Un día más para Cristina.
Miró a sus hijos. Parecían dos ovillitos desprolijos entre los trapos del catre. Hacía frío. Todavía dormidos les puso las camperas y las mamaderas tibias entre las manos que se tomaron sin abrir los ojos. Luego cargó uno en cada brazo y salió.
Mientras caminaba por los estrechos callejones, entre ranchos silenciosos, iba pensando que Nadia cada día pesaba más. Estaba altísima. Pronto cumpliría tres años. Las piernas flojas que colgaban casi hasta sus rodillas, le dificultaban el paso.
Aún no había amanecido cuando llegó a la parada del ómnibus. Los conductores ya la conocían. Eran gentiles. Le arrimaban el coche al cordón y muchas veces le avisaban al guarda para que le subiera a uno de los nenes.
Una hora hasta el centro. Era importante estar antes de las ocho de la mañana, cuando llegaba el aluvión de empleados a las oficinas. Era la hora que ella llamaba de la inversión. Solo necesitaba que la vieran acurrucada de frío, con los niños dormidos apretados junto a ella. La recompensa venía después.
En el transcurso de la mañana recibía algunas monedas. Cuando llegaba el mediodía, los mismos empleados que la habían visto al llegar, salían a comer. Era inevitable que no se percataran de su presencia. Algunos pasaban sin mirarla, pero al regreso, envuelto y calentito, le dejaban un trozo de pizza o una milanesa con pan. Solo así podían hacer ellos una buena digestión. Cristina lo sabía y lo agradecía. Otros le dejaban unas monedas antes, como para poder llegar al restaurante con el apetito intacto y la conciencia tranquila. Bien por ellos. A todos Cristina los amaba. De ellos dependía su almuerzo y el de sus hijos.
La tarde era larga. Los chiquilines cansados y aburridos le tironeaban las manos y con su media lengua le decían: ¡vamos, vamos!

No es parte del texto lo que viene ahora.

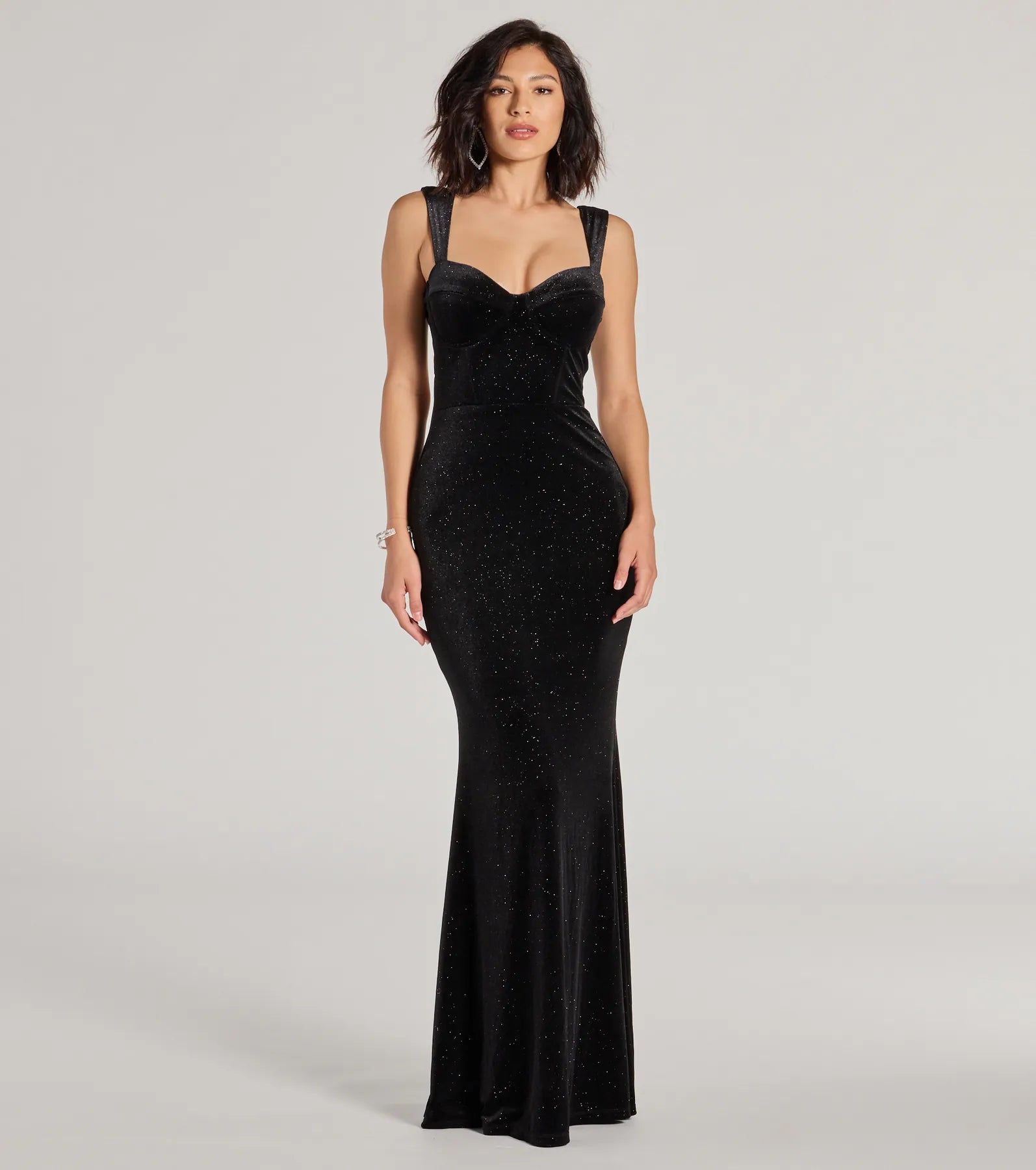 Shimmer in the elegant Veronica velvet formal dress at black tie parties and celebrations. The formal dress is designed with a structured sweetheart neckline and a striking mermaid floor-length silhouette. Pair with earrings and heels.

En esas horas interminables en la calle, Cristina cansada y harta de vivir, se preguntaba una y otra vez a donde la llevaría la vida. Hoy solo le importaba procurar la comida para sus hijos. No quería pensar en mañana. No existía para ellos. No quería verlos crecer. Implicaba otras necesidades que hoy no podía satisfacer.
Con la llegada del atardecer otra vez la marea humana y la cara alzada de Cristina, casi con insolencia, como diciéndoles: No me olviden. Mañana voy a estar aquí. Mañana y pasado y todos los días mientras me puedan ayudar.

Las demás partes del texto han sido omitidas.